This Film Made Me Happy: A Review of HappyThankYouMorePlease

This film made me happy. Thank you. And, if possible, I'd like more please.

Now that I've gotten that out of the way, I can proceed with this review.

HappyThankYouMorePlease is a wholly delightful film, which is exactly what it sets out to be. It is funny, endearing, touching, and saccharine sweet in a wonderful way. Other films this sweet may be too much to handle. HappyThankYouMorePlease somehow pulls it off.

It does this by being honest about its belief that there's no reason not to be happy.

HappyThankYouMorePlease is a cry against cynicism, a quality which some claim defines today's twenty-somethings. This is a film that says, "Yeah. I get it. You're cynical about life. You may have good reason to be, but really you've got it pretty good, all things considered, and even if you don't, life is much better lived happy. Choose happiness, and you'll find it everywhere you look."

The story centers on a group of interconnected friends living in New York City. They help each other through the travails of life as only friends can. That may sound like a "been there, done that" kind of premise, and honestly, it is, but HappyThankYouMorePlease, like the twenty-somethings it portrays, is charming in its earnestness if not in its novelty.
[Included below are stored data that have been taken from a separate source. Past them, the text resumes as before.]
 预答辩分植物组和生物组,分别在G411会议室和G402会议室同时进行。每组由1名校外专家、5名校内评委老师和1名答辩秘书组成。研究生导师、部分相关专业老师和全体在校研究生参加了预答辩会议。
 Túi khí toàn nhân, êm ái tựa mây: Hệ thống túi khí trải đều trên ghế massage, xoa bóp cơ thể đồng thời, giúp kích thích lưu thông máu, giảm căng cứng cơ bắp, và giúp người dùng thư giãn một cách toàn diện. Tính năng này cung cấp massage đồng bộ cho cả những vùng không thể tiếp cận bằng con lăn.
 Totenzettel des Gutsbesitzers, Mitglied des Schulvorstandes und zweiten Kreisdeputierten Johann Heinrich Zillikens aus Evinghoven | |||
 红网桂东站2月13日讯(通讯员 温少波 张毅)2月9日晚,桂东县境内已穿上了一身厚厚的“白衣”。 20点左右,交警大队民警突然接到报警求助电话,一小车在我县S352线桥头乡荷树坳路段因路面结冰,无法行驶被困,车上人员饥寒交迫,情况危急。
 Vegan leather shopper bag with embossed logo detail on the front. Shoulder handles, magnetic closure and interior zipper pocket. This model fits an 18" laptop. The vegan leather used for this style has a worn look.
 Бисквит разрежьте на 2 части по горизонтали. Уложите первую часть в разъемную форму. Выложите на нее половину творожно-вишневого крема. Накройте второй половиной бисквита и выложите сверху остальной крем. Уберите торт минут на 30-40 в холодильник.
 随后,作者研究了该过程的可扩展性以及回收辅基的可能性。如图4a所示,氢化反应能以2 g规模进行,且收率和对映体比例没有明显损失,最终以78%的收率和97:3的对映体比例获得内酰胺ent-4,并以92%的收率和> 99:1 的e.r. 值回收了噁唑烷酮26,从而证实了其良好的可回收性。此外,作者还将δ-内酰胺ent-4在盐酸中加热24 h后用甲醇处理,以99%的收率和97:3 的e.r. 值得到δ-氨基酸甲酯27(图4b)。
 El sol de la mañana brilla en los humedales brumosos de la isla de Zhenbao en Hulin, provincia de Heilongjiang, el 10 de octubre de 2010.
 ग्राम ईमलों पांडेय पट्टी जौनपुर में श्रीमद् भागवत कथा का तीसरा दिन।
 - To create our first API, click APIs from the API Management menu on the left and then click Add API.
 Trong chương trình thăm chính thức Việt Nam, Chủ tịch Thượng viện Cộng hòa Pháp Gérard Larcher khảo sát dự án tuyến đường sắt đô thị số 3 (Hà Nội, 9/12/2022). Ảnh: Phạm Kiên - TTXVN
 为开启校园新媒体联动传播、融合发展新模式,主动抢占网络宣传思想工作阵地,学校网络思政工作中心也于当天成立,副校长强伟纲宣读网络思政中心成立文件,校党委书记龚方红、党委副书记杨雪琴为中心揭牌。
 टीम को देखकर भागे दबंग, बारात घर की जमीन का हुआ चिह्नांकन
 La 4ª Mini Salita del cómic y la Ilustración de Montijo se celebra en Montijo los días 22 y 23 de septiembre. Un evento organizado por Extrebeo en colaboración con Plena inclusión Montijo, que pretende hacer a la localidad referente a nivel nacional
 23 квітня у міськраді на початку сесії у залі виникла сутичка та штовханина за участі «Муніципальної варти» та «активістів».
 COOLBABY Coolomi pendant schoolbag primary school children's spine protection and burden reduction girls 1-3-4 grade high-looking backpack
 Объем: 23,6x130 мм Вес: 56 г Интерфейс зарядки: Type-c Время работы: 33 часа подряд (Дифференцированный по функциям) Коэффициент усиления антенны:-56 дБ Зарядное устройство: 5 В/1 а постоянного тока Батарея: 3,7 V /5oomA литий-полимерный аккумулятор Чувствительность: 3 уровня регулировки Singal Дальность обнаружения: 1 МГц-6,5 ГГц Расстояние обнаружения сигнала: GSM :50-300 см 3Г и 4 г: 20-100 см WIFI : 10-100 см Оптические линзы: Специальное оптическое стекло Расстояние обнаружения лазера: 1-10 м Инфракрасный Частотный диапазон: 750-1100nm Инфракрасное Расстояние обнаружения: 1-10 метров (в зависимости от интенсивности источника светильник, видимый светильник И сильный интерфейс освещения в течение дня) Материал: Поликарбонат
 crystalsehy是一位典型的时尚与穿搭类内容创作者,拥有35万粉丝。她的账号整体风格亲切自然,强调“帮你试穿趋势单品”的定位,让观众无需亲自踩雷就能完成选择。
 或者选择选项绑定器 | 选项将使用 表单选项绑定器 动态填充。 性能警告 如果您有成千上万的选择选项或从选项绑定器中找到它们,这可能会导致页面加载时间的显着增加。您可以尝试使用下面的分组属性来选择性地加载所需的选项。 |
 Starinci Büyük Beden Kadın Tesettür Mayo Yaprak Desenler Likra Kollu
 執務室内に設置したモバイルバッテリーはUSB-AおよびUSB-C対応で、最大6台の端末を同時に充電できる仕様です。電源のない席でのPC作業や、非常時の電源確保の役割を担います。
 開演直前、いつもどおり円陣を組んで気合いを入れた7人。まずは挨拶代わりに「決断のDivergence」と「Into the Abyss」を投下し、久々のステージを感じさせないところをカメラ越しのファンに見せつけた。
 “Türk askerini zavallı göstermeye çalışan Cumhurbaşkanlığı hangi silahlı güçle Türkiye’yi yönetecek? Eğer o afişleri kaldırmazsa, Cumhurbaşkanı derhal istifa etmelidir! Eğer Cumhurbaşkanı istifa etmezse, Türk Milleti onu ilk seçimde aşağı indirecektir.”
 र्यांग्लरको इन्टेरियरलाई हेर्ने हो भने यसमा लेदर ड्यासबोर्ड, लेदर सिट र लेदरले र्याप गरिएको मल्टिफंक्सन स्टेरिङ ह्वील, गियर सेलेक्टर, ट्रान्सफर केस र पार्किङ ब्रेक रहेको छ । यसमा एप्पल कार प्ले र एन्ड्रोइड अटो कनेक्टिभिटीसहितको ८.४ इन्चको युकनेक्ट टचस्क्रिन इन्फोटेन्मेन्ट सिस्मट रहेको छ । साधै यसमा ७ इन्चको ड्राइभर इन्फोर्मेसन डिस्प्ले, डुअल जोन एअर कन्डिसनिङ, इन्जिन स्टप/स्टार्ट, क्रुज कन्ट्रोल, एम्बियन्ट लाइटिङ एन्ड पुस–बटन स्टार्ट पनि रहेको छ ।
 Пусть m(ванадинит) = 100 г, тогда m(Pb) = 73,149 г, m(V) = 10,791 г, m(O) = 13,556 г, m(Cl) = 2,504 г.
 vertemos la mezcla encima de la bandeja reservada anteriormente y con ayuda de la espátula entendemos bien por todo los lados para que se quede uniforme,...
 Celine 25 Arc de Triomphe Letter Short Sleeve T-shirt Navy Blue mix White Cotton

Undergirding the entire narrative is the conviction that people are worthy of love, both to love and to be loved. That is a beautiful conviction out of which to live. That is the beautiful, mysterious conviction at the heart of the gospel as well—because God loves the world, God saves the world. Too often and by too many people, we have been told that we are somehow broken, dirty, undesirable, and unworthy of love. This is simply not true. We have not fallen into mud that decomposes our bones and makes us unattractive; we have been raised from the muck and made alive by a holy kiss. God loves. God loves. God loves. Believe it.

I was able to attend a screening of this film with HappyThankYouMorePlease's writer/director/star Josh Radnor. During the discussion, he stated that he was trying to make a film that helped people live with a little more grace in the world. I think he succeeded. Cynicism may be an easy way to live, but cynicism also makes one selfish. Cynicism says, "Don't believe in good. Don't expect good. Don't give good." Allowing oneself to be loved, to expect to be loved, is a much more difficult and daring enterprise, but it also encourages us to love others.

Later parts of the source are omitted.